An antibody drug directed at the collagen receptor DDR1 helps to mitigate immune exclusion in a mouse model of triple-negative breast cancer, allowing T cells to flood in and slow tumor progression. A startup company called Parthenon Therapeutics has launched to advance the therapy into clinical development.
Tumors shield themselves from immune attack by constructing protective barriers of collagen. But this defense mechanism can be circumvented through blockade of the collagen receptor DDR1, allowing for cancer-killing T cells to flood in and slow tumor progression.
The findings, from a mouse model of breast cancer, suggest that therapeutically targeting DDR1 could help overcome a key mechanism of immune exclusion, a trait common to many solid tumors that has been linked to poor survival (Nature 2021 Nov 3 [Epub ahead of print]).
In the new study, a team co-led by Rong Li, PhD, of George Washington University in Washington, DC, and Zhiqiang An, PhD, of the University of Texas Health Science Center at Houston, showed that the outer segment of DDR1 helps to align collagen fibers in the extracellular matrix surrounding cancers. This creates fencing akin to barbed wire around tumors that keeps T cells at bay.
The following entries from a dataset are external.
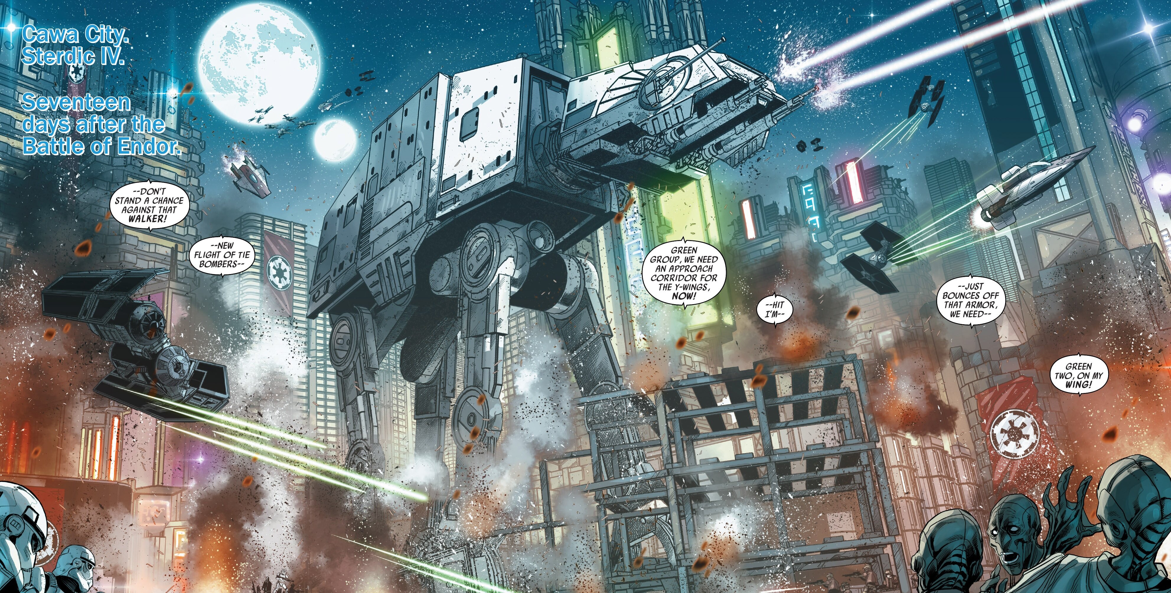Felizmente, o imenso diálogo deste fascículo é balançado com oito páginas com clássicas cenas de ação Star Wars, envolvendo TIE Fighters, Y-wings, AT-AT walkers e o esquadrão de A-wings de Bey.
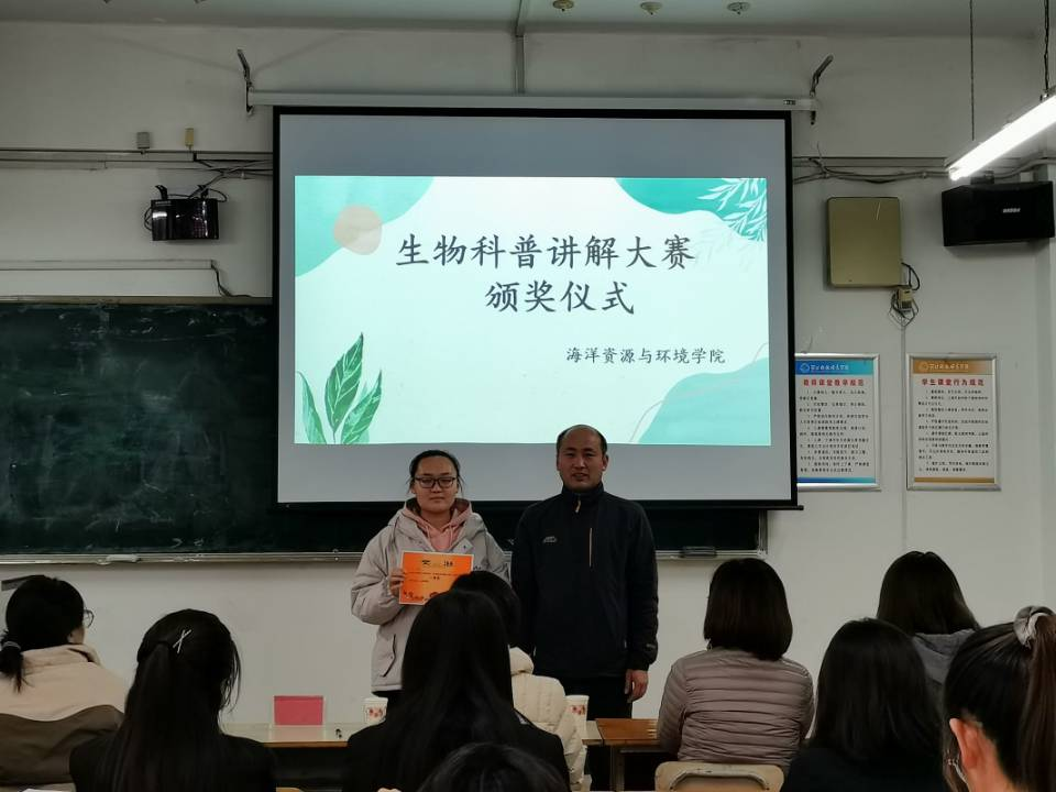比赛邀请了生物标本馆馆长张波老师,海洋生物资源教学部龙茹老师,团委书记王明洁老师,学工办主任李国伟老师,学科和科研办公室主任华昕彤老师,学工办副主任鲍家卉老师等担任评委.参赛选手是来自生技、生科、海资等专业的9位同学。本次比赛主要分为三个环节.首先由各位参赛选手依次上台展示科普PPT,并对PPT内容进行讲解;然后由各位评委老师打分;最后主持人公布比赛结果,由张波馆长与龙茹老师对参赛选手和大赛进行了点评,并为获奖学生颁奖。
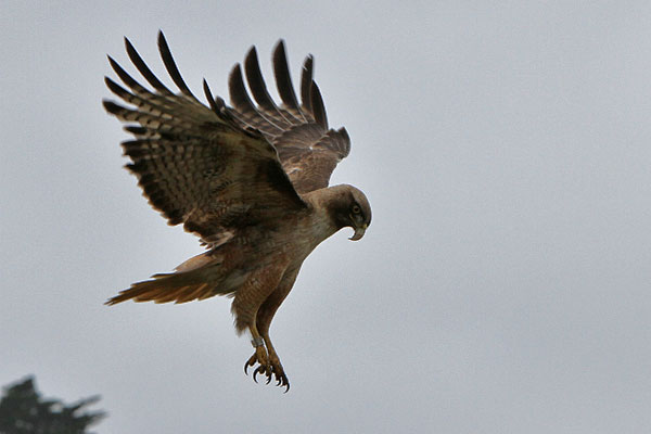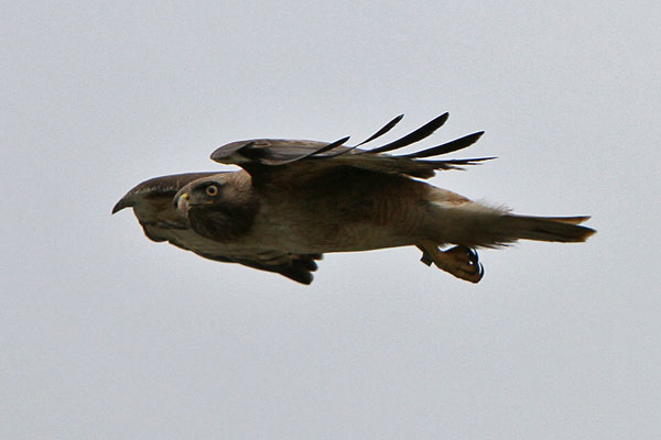 Über uns gleitet ein Habicht. Er befindet sich auf der Jagd. Ab und zu steht er über und und rüttelt, um dann pfeilschnell nach unten zu stoßen.

In mice, genetic removal of DDR1 from tumors disrupted the patterning of collagen, leading to enhanced immune infiltration and reduced tumor growth. Antibody drugs directed at DDR1's outer domain had the same effect.
The researchers focused their efforts on models of triple-negative breast cancer—and they have human data to suggest the findings should have clinical relevance. In women with this aggressive malignancy, the researchers showed that higher expression of DDR1 in tumor samples correlated with greater exclusion of anticancer T cells.
However, Li anticipates that DDR1 blockade should be an effective way of modulating the immune milieu in a variety of different tumors. “Immune exclusion is a pan-cancer phenotype,” he says, so “the same strategy could be applied to other cancer types.”
Shaan Gandhi, MD, DPhil, director of Northpond Ventures in Cambridge, MA, agrees, which is why his firm has backed Parthenon Therapeutics, a new startup focused on targeting immune exclusion in tumors. When his team saw Li and An's data, “we were astounded by how much of a role the extracellular matrix actually plays in promoting a tumor microenvironment that can either exclude T cells or, in the case of developing an anti-DDR1 antibody, can allow T cells to infiltrate the tumor,” Gandhi says.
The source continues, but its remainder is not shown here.